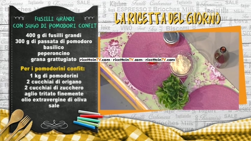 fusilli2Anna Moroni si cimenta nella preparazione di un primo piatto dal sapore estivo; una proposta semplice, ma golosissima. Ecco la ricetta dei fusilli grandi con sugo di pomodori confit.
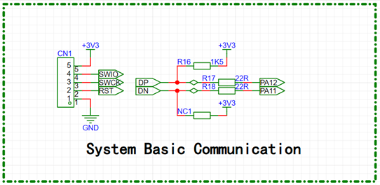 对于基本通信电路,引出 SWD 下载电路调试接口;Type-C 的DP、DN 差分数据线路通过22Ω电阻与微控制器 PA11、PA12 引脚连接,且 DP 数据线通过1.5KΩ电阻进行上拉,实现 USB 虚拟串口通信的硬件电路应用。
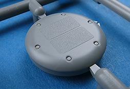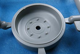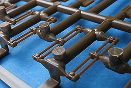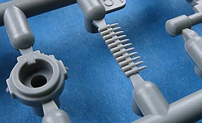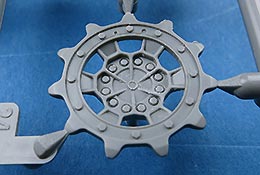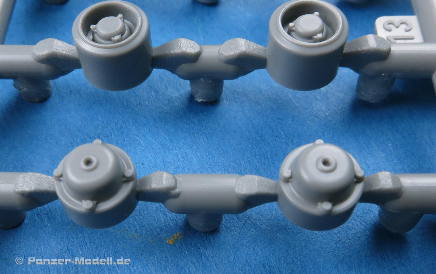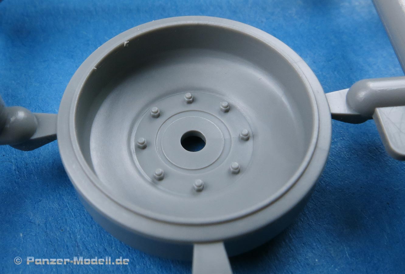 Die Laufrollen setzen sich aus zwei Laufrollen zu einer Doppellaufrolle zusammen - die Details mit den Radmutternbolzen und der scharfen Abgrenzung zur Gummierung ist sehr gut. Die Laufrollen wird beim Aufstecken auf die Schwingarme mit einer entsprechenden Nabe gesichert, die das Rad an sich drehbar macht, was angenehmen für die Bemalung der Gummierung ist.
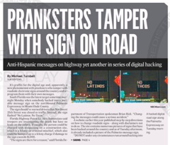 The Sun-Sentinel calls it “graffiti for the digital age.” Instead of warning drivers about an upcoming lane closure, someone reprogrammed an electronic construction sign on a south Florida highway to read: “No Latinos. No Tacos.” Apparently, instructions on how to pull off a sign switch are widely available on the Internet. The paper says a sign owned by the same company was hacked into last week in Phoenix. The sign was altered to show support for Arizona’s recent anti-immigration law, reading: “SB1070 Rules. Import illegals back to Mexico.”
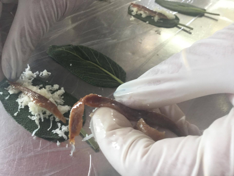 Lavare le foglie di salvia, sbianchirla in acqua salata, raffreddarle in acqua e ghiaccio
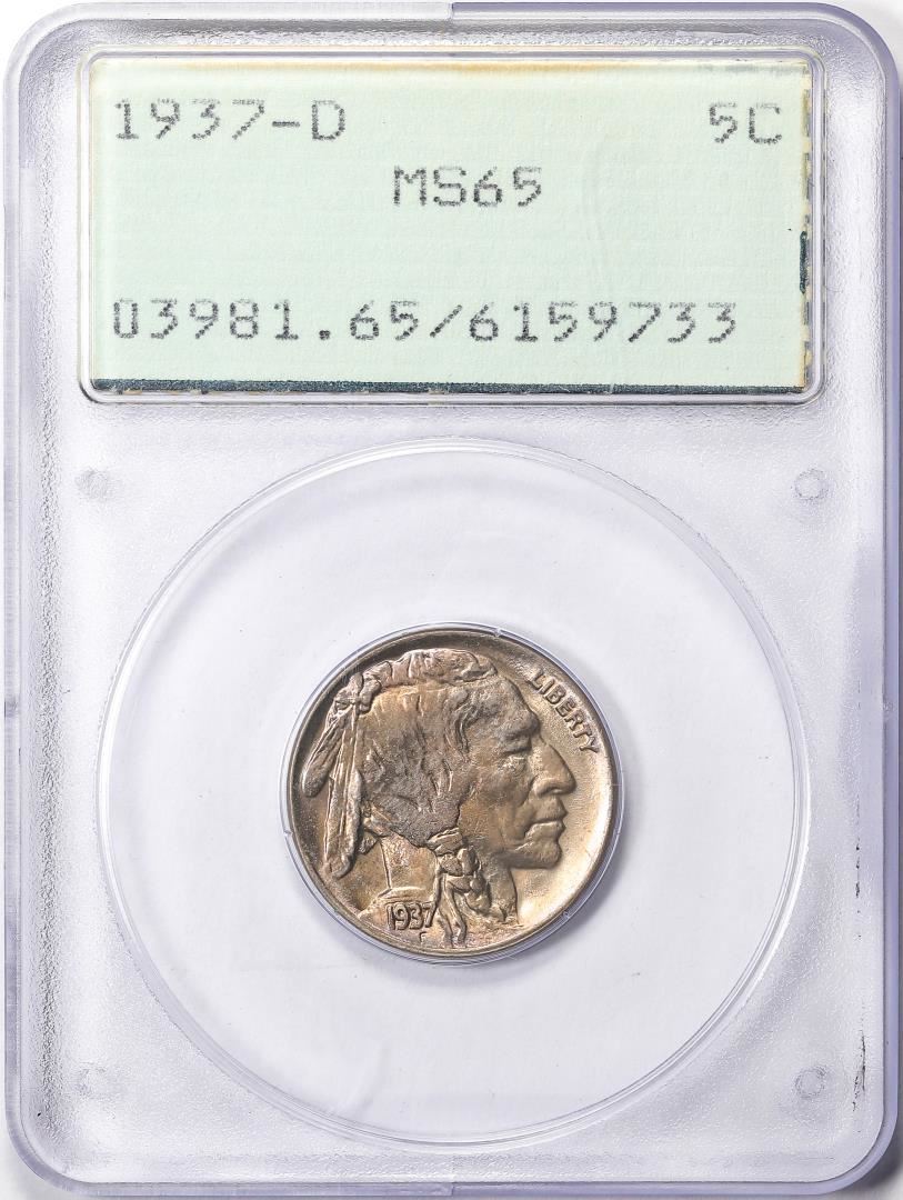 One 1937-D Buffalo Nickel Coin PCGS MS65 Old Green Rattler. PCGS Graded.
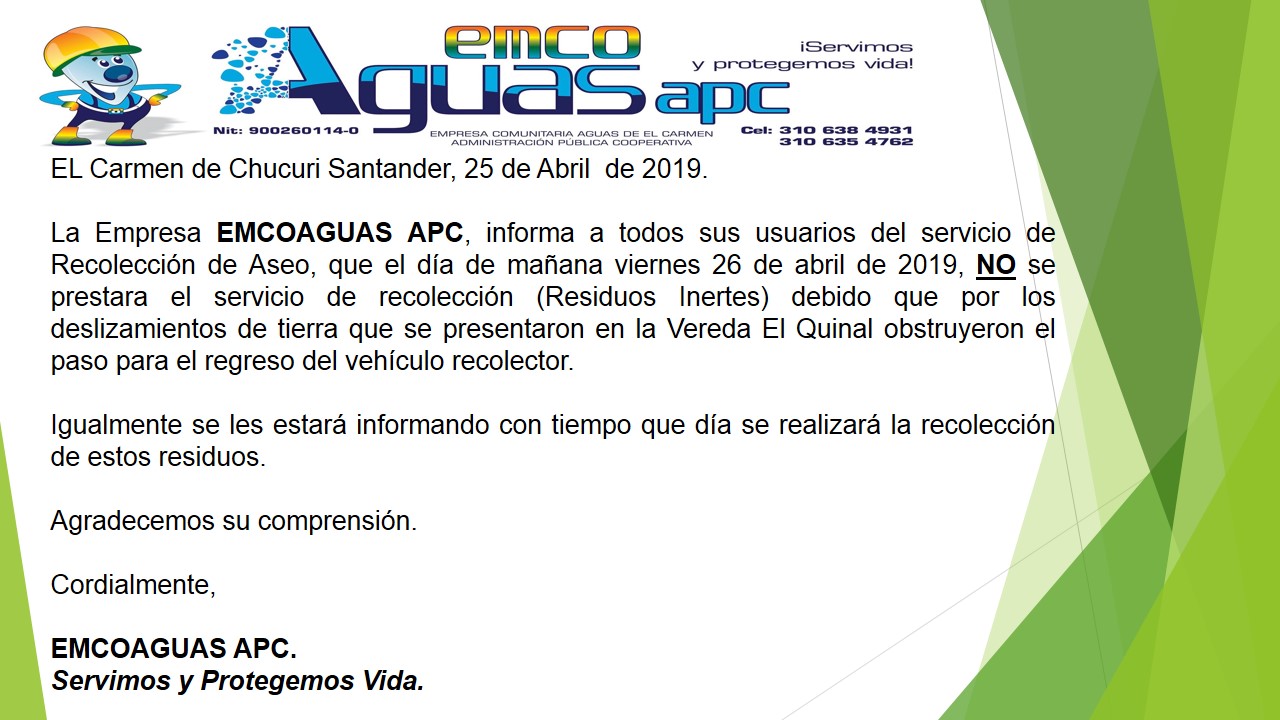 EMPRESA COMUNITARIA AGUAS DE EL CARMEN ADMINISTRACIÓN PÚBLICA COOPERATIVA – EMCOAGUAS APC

* * *

Task: Return every line of the data above exactly, and omit all pictures.

Written response:
 fusilli2Anna Moroni si cimenta nella preparazione di un primo piatto dal sapore estivo; una proposta semplice, ma golosissima. Ecco la ricetta dei fusilli grandi con sugo di pomodori confit.
 对于基本通信电路,引出 SWD 下载电路调试接口;Type-C 的DP、DN 差分数据线路通过22Ω电阻与微控制器 PA11、PA12 引脚连接,且 DP 数据线通过1.5KΩ电阻进行上拉,实现 USB 虚拟串口通信的硬件电路应用。
 Die Laufrollen setzen sich aus zwei Laufrollen zu einer Doppellaufrolle zusammen - die Details mit den Radmutternbolzen und der scharfen Abgrenzung zur Gummierung ist sehr gut. Die Laufrollen wird beim Aufstecken auf die Schwingarme mit einer entsprechenden Nabe gesichert, die das Rad an sich drehbar macht, was angenehmen für die Bemalung der Gummierung ist.
 The Sun-Sentinel calls it “graffiti for the digital age.” Instead of warning drivers about an upcoming lane closure, someone reprogrammed an electronic construction sign on a south Florida highway to read: “No Latinos. No Tacos.” Apparently, instructions on how to pull off a sign switch are widely available on the Internet. The paper says a sign owned by the same company was hacked into last week in Phoenix. The sign was altered to show support for Arizona’s recent anti-immigration law, reading: “SB1070 Rules. Import illegals back to Mexico.”
 Lavare le foglie di salvia, sbianchirla in acqua salata, raffreddarle in acqua e ghiaccio
 One 1937-D Buffalo Nickel Coin PCGS MS65 Old Green Rattler. PCGS Graded.
 EMPRESA COMUNITARIA AGUAS DE EL CARMEN ADMINISTRACIÓN PÚBLICA COOPERATIVA – EMCOAGUAS APC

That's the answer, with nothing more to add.